▸ Your objective
Starting with the line that has "Acquiring light from" and finishing with the line that has "2026新款钢制置物餐边柜家用落地带门可防尘防潮餐厅收纳柜储物柜", set down each line below exactly. Pictures are not copied.

▸ Record extracts

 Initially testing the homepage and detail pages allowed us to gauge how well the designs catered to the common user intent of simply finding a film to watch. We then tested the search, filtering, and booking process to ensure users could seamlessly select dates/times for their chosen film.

--

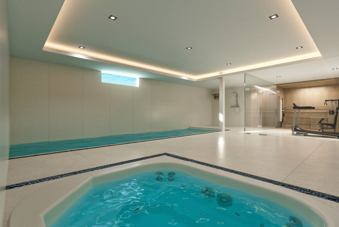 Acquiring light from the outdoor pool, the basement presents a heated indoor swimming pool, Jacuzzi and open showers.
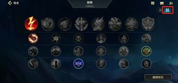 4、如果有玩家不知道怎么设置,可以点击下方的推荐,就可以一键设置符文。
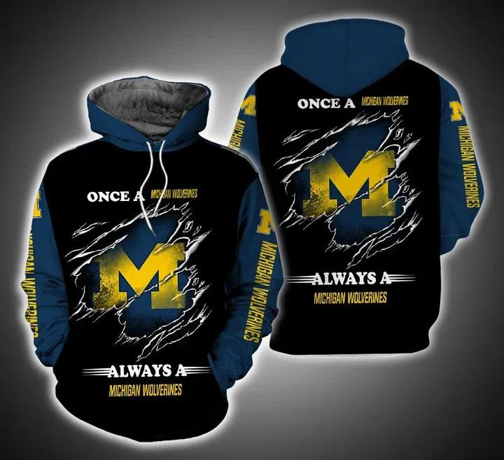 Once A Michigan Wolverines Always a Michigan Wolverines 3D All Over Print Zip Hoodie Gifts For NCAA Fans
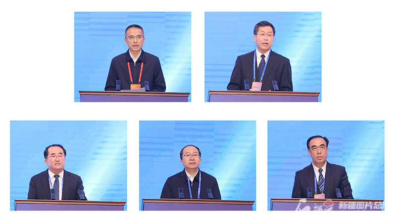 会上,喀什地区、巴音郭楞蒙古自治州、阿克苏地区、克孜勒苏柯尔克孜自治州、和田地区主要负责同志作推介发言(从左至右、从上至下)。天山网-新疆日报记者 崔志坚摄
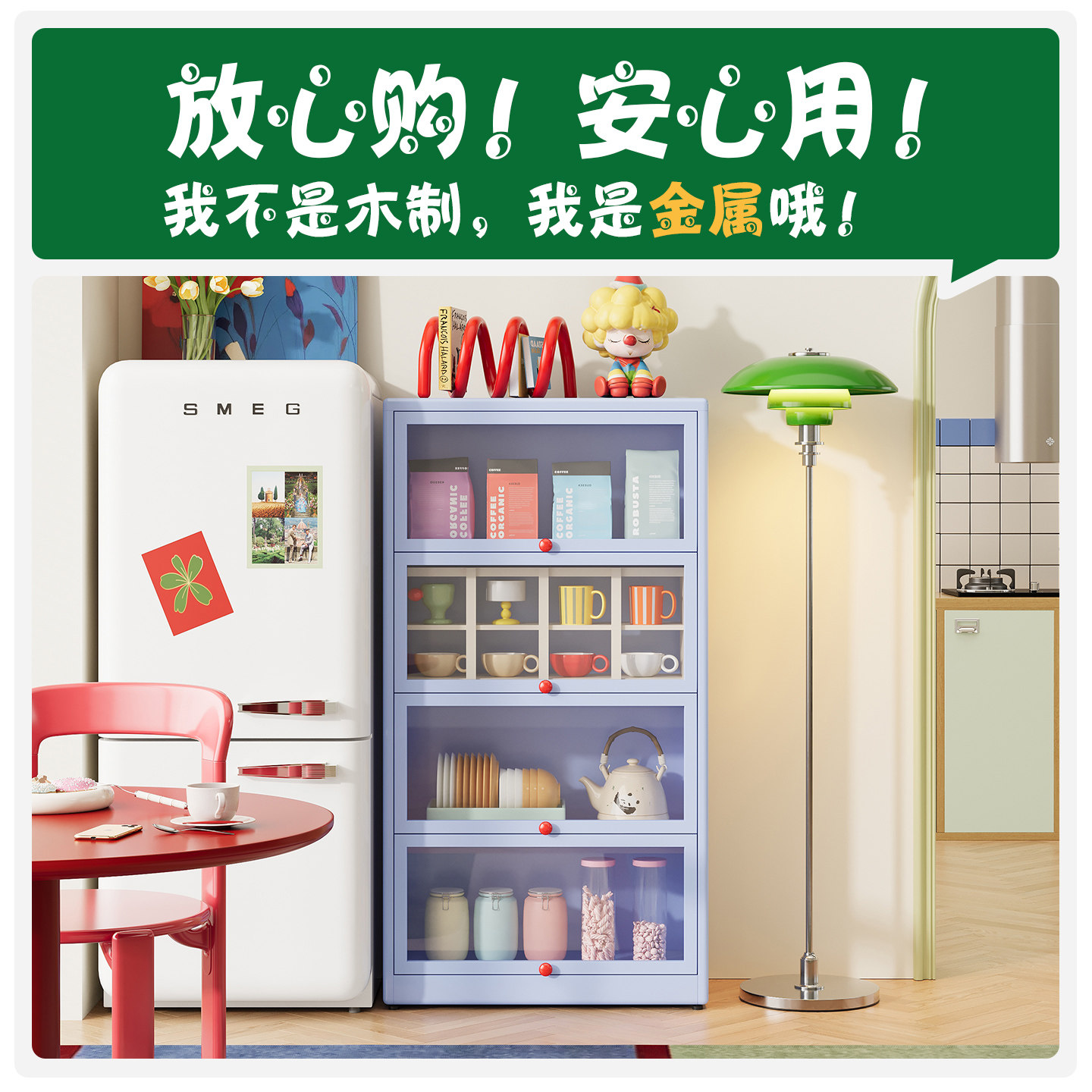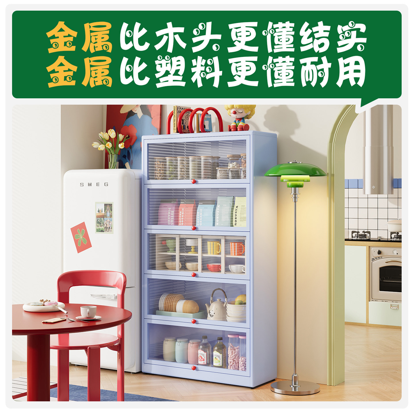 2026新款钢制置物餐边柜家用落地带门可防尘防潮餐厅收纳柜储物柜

▸ Exercise output
 Acquiring light from the outdoor pool, the basement presents a heated indoor swimming pool, Jacuzzi and open showers.
 4、如果有玩家不知道怎么设置,可以点击下方的推荐,就可以一键设置符文。
 Once A Michigan Wolverines Always a Michigan Wolverines 3D All Over Print Zip Hoodie Gifts For NCAA Fans
 会上,喀什地区、巴音郭楞蒙古自治州、阿克苏地区、克孜勒苏柯尔克孜自治州、和田地区主要负责同志作推介发言(从左至右、从上至下)。天山网-新疆日报记者 崔志坚摄
 2026新款钢制置物餐边柜家用落地带门可防尘防潮餐厅收纳柜储物柜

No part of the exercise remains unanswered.